For information, I think that and torch modules, torch datasets and torch dataloaders are implemented with R6 while torch tensors appears to be implemented with R7 (recently renamed S7) which creates tensor with pytorch C library via Rcpp.

One way to address the problem of caching objects implemented with reference classes is to explicitly load them in every chunk. The torch package offers methods (torch_save and torch_load) to serialize torch tensors and torch modules. However, these functions do not work for torch datasets and torch dataloaders afaik. I have opened an issue mlverse/torch#1199 in torch github.

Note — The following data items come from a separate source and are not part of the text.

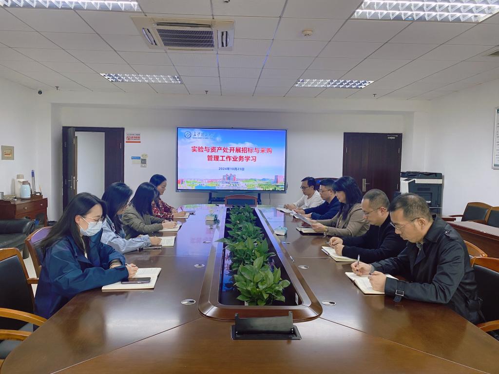 10月23日,实验与资产处在一办公楼A403会议室召开招标与采购管理工作业务学习会,专题学习省委书记沈晓明、省长毛伟明同志在全省公共资源交易领域突出问题专项整治攻坚战动员部署会上的讲话精神。处长曹瑛主持会议并讲话,副处长刘涛、唐中勇、马天骥、胡俊,采购与招标管理科干部职工参加会议。
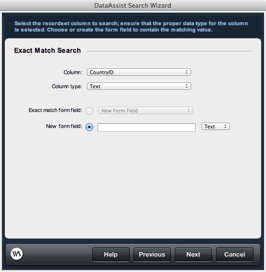 Specify the form element used to pass the parameter necessary to make the comparison. If you are using an existing search form (specified in Step 1 of the wizard, Search page selection), you have the option of either adding a new form element or using an existing form element. If creating a new form, specify a unique name for the form field to identify and label it. Upon completing the wizard, you may use Dreamweaver to customize the search page specific to your needs.Exact match form field: If using an existing search page and form, select if you wish to use an existing form element to make the comparison. All form elements contained in the form specified in step 2 of the wizard are available in the list.
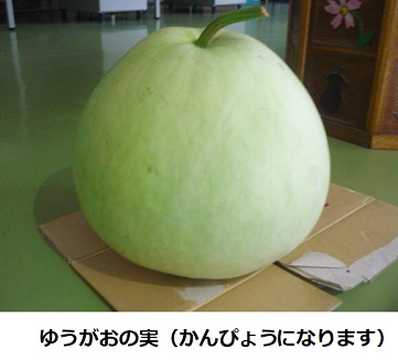 3年生社会科の学習のために、毎年「ゆうがおの実」をかんぴょう農家さんが、届けてくださいます。今年も、玄関で皆さんをお迎えしています。
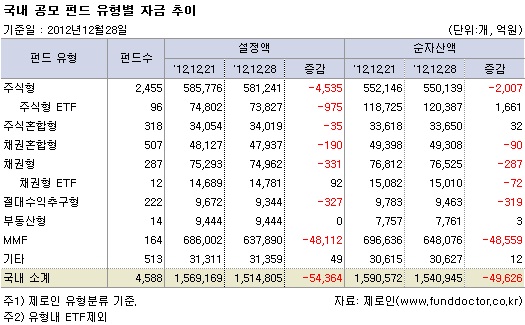 [12/28 국내]국내주식펀드 연말 배당수익 반영으로 0.37% 상승
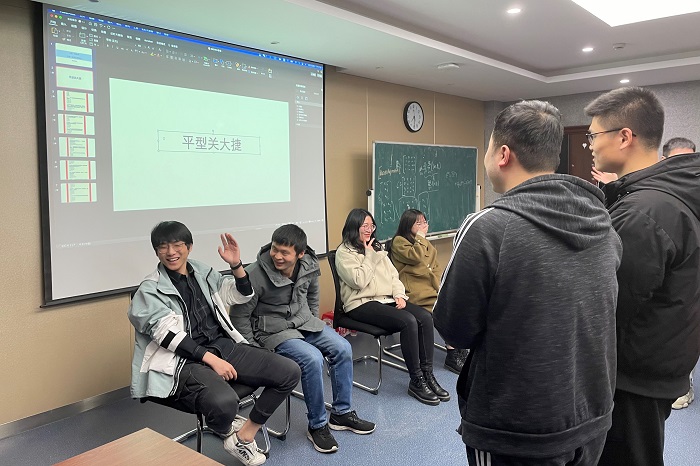 随后,支部开展了“你比划我猜”党史知识竞赛。比赛自由组合,四人一组,二人比划两人猜词,在15分钟内答对题目最多的一组获胜。题目涉及中国共产党党史、十四五精神、习近平新时代中国特色社会主义思想等。
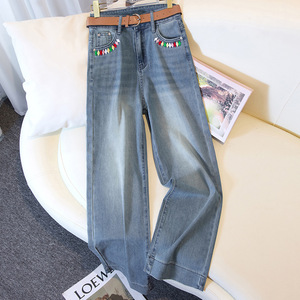 テンセル夏薄いハイウエストストレートワイドレッグジーンズ女性の 9 点ストレートレッグパンツ女性のルーズ新スタイル 3303
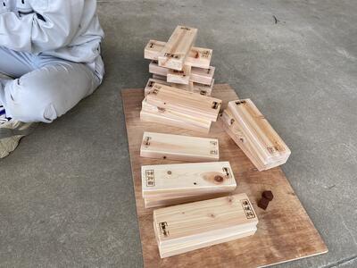 ビッグジェンガも子どもたちに遊んでもらえるように丹精込めてつくりました。
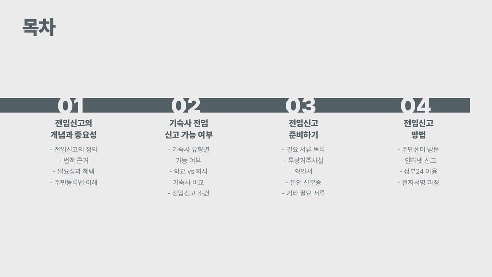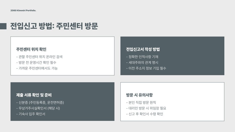 - 전입신고는 주거지 등록 및 행정 서비스 활용을 위해 필수적입니다.
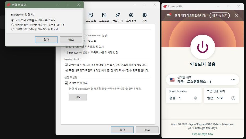 그렇기 때문에 가입을 할 때는 완전히 정돈되어 집중할 수 있는 상황에서 해주는 것이 좋은데요. 그것이 불가능하다면 위 사진처럼 분할 터널링 기능을 이용해주세요. 배틀 그라운드에 나오는 파란 자기장처럼, 특정 프로그램만 VPN 접속 하도록 만들어 주는 매우 좋은 기능입니다.

A question I have about the cache mechanism, is whether data cached in a chunk stays in memory or must be reloaded in the next chunk. Apparently, the answer it not simple. The pragmatic approach might be to reload the cached object in every chunk (assuming that there is a function for it) but it does not seem ideal since the objects that need to be saved can be quite big.

Update

I have proposed a strategy for caching torch objects in mlverse/torch#1199 (comment). This would actually not require any work to be done on knitr side. It would rely on existing cache mechanism only to skip over some time-consuming chunk, and it would require the user to explicitly save and reload the torch object (I think that reloading the cached object needs to be done only once).

@atusy
Copy link
Collaborator

atusy commented Oct 17, 2024

@gavril0 @cderv

I confirmed #2340 solves this issue. Here is a reproducible example.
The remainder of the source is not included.